== Segment start ==

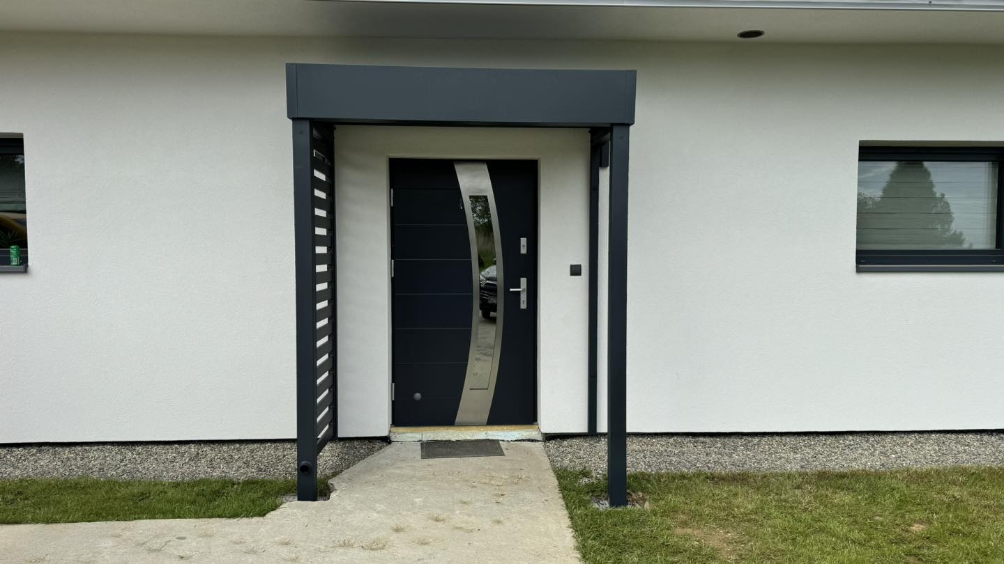 To praktyczne i stylowe rozwiązanie, które zapewnia ochronę przed deszczem, śniegiem i słońcem, jednocześnie podkreślając wygląd wejścia do budynku.
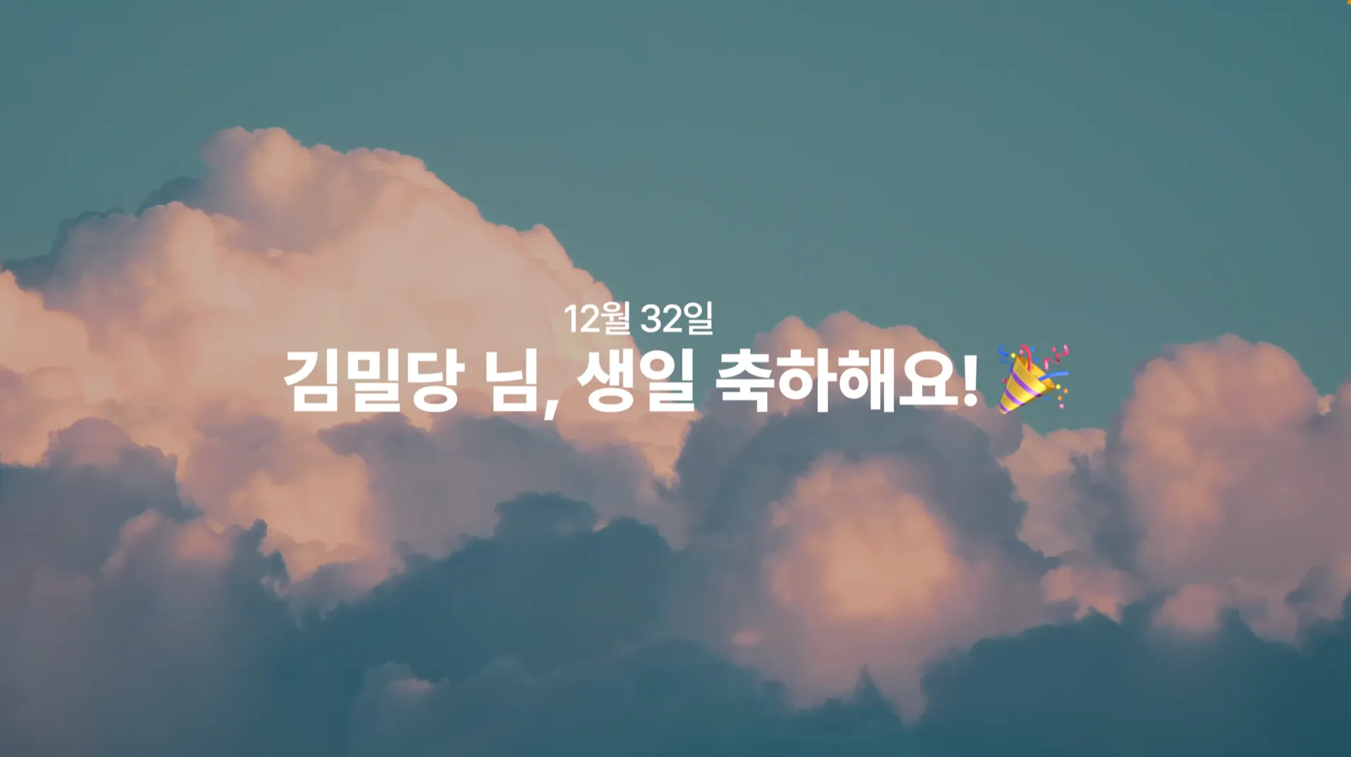 'XXX 님, 생일 축하해요!', 'OOO 님, 입사 2주년 축하해요!' 같은 문구들이 반복되도록 영상을 만들고 '무한 반복'을 시켜 놓으면 금세 완성! 팀원이 260명에 이르는 탓에 과장을 보태 365일 중 300일은 축하할 날인 것이 함정입니다만, 영상이야 틀을 짜 놓고 이름만 바꾸면 되도록 만들어 놓았으니 큰 어려움은 아닙니다.
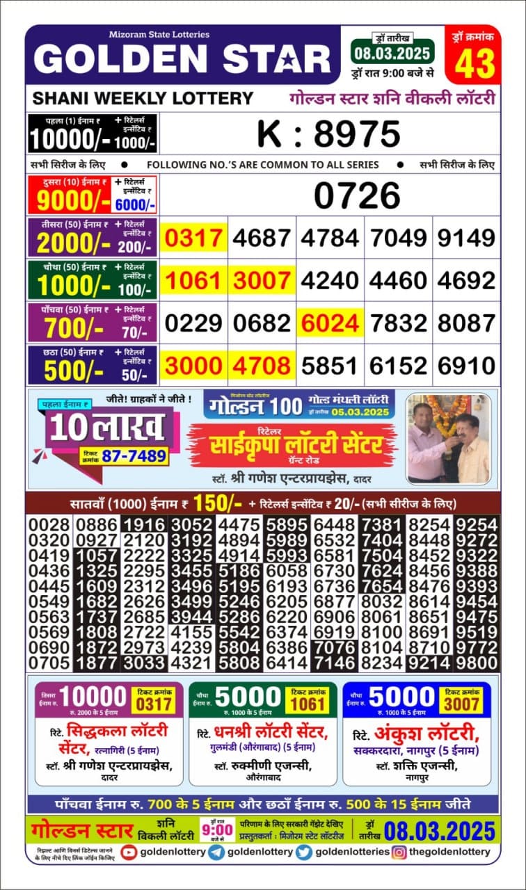 गोल्डन लाटरी का रात 9 बजे का रिज़ल्ट दिनांक 19.10.25
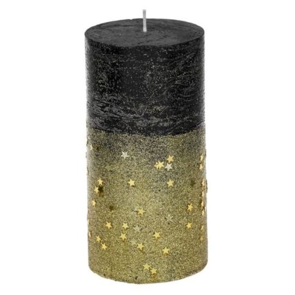 Decoratiune de Craciun, Lumanare, Negru, Stele Aurii, 7x15cm, DCJ294
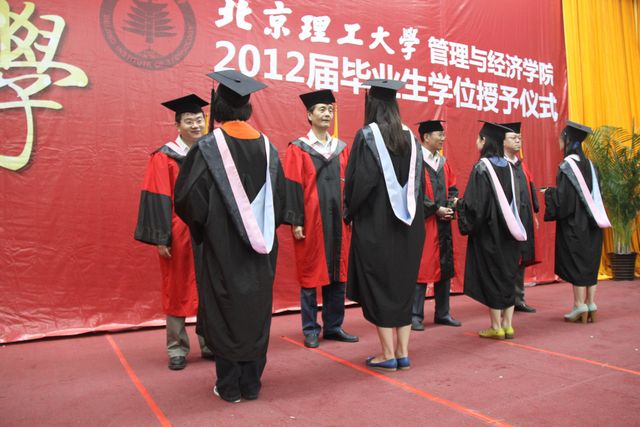 最后,李金林教授、董沛武教授、孔昭君教授、王兆华教授、颜志军教授、夏恩君教授、陈宋生副教授、赵玉焕副教授、倪跃峰副教授等为2012届全体毕业生扶正流苏,授予学位,并祝贺他们光荣毕业。管理与经济学院2012届本科生毕业典礼暨学位授予仪式至此划上了圆满的句号。
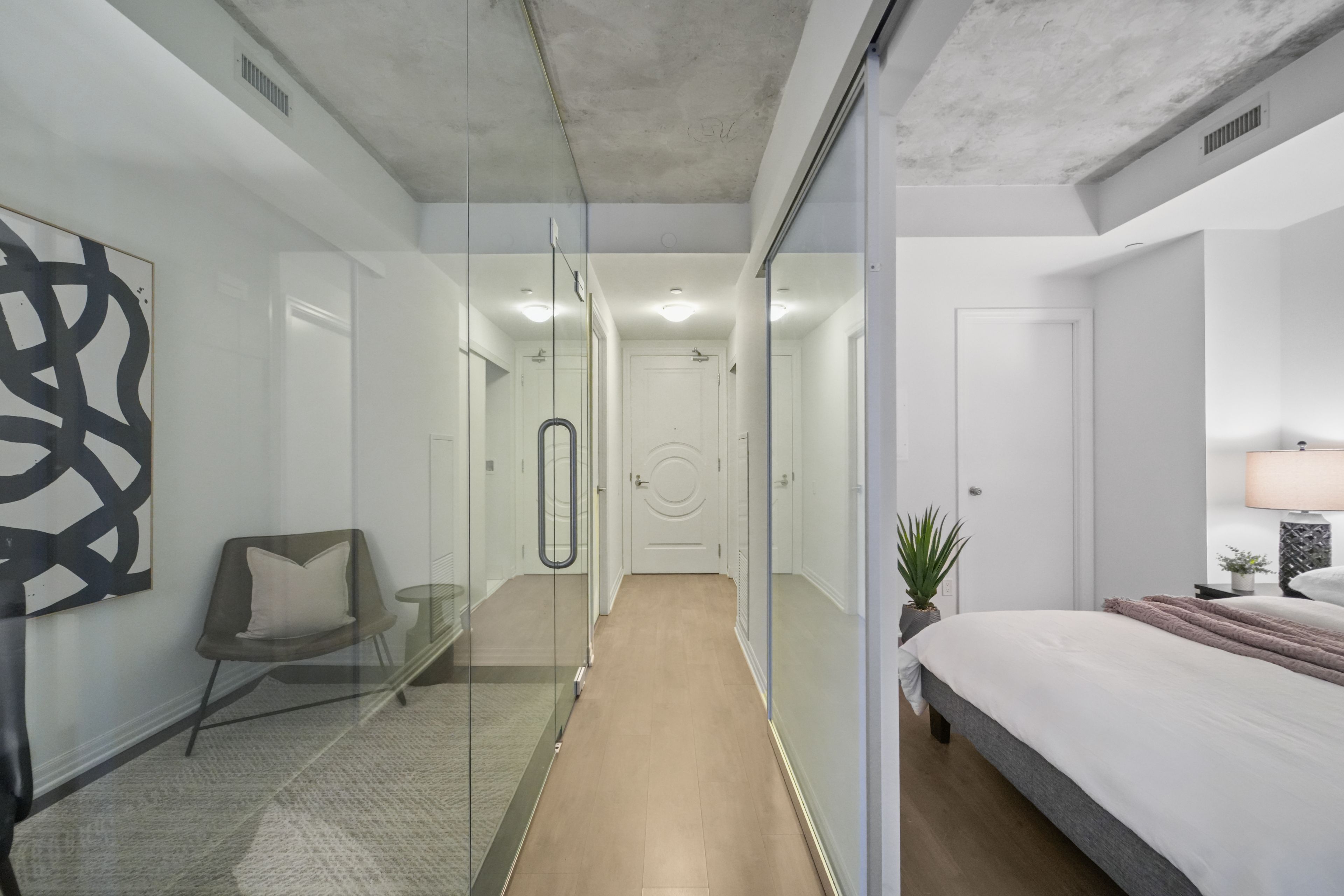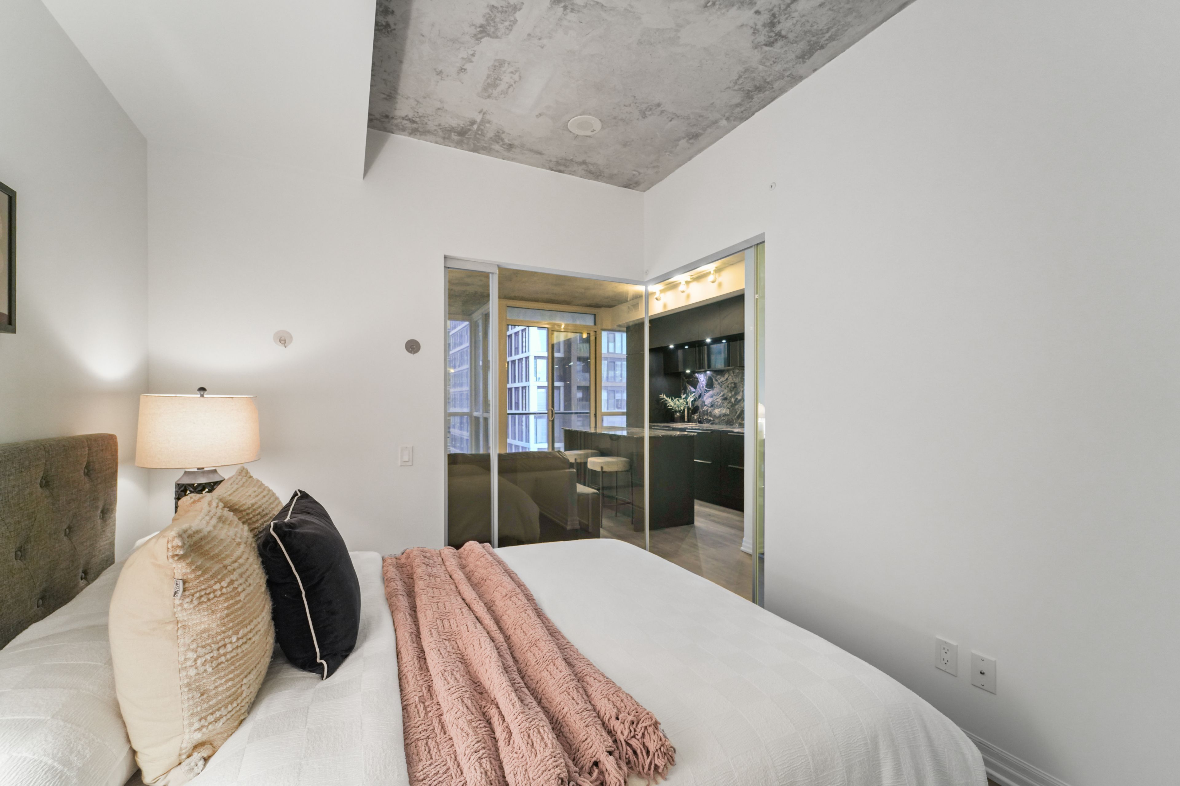 At the iconic bisha hotel & residences, this beautifully designed 662 sf suite offers a rare convergence of world-class design and hotel-grade luxury, right in the heart of toronto's entertainment district. Step inside to a welcoming space that opens to a striking glass-enclosed den, an ideal home office or creative workspace. The hallway leads into an open-concept living space where exposed concrete ceilings, hardwood floors, and floor-to-ceiling windows create a modern, loft-inspired aesthetic. The sleek designer kitchen, crafted with interiors by studio munge and kravitz design inc., features bold quartz countertops, a centre island, a custom marble backsplash, integrated stainless steel appliances, and generous prep space that flows naturally into the living and dining area, making it perfect for entertaining or casual dining. Beyond the living space, sliding doors lead to a private balcony overlooking the vibrant downtown skyline and the cn tower. The thoughtfully separated bedroom provides a quiet retreat with ample storage, and convenient access to an updated 4 piece bath. Residents enjoy access to full-service amenities including a rooftop infinity pool, a state-of-the-art fitness centre, a billiards room, a party lounge, and 24-hour concierge service and more. Enjoy on-site fine dining option, including the acclaimed akira back and kost, one of the city's most coveted rooftop destinations. Located steps from rogers centre, scotiabank arena, the underground path, and tiff bell lightbox, this residence places the very best of downtown toronto at your doorstep.
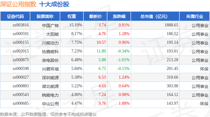证券之星消息,9月17日,深证公用(399622)指数报收于1698.87点,涨0.71%,成交39.94亿元,换手率0.68%。当日该指数成份股中,上涨的有13家,江苏国信以5.66%的涨幅领涨,下跌的有6家,吉电股份以1.01%的跌幅领跌。

== Segment end ==

*What the exercise asks*
Once the line with "गोल्डन लाटरी का" has been found above, output that line and every later line exactly, stopping after the line with "最后,李金林教授、董沛武教授", and omit the pictures.

*Solution to the problem*
 गोल्डन लाटरी का रात 9 बजे का रिज़ल्ट दिनांक 19.10.25
 Decoratiune de Craciun, Lumanare, Negru, Stele Aurii, 7x15cm, DCJ294
 最后,李金林教授、董沛武教授、孔昭君教授、王兆华教授、颜志军教授、夏恩君教授、陈宋生副教授、赵玉焕副教授、倪跃峰副教授等为2012届全体毕业生扶正流苏,授予学位,并祝贺他们光荣毕业。管理与经济学院2012届本科生毕业典礼暨学位授予仪式至此划上了圆满的句号。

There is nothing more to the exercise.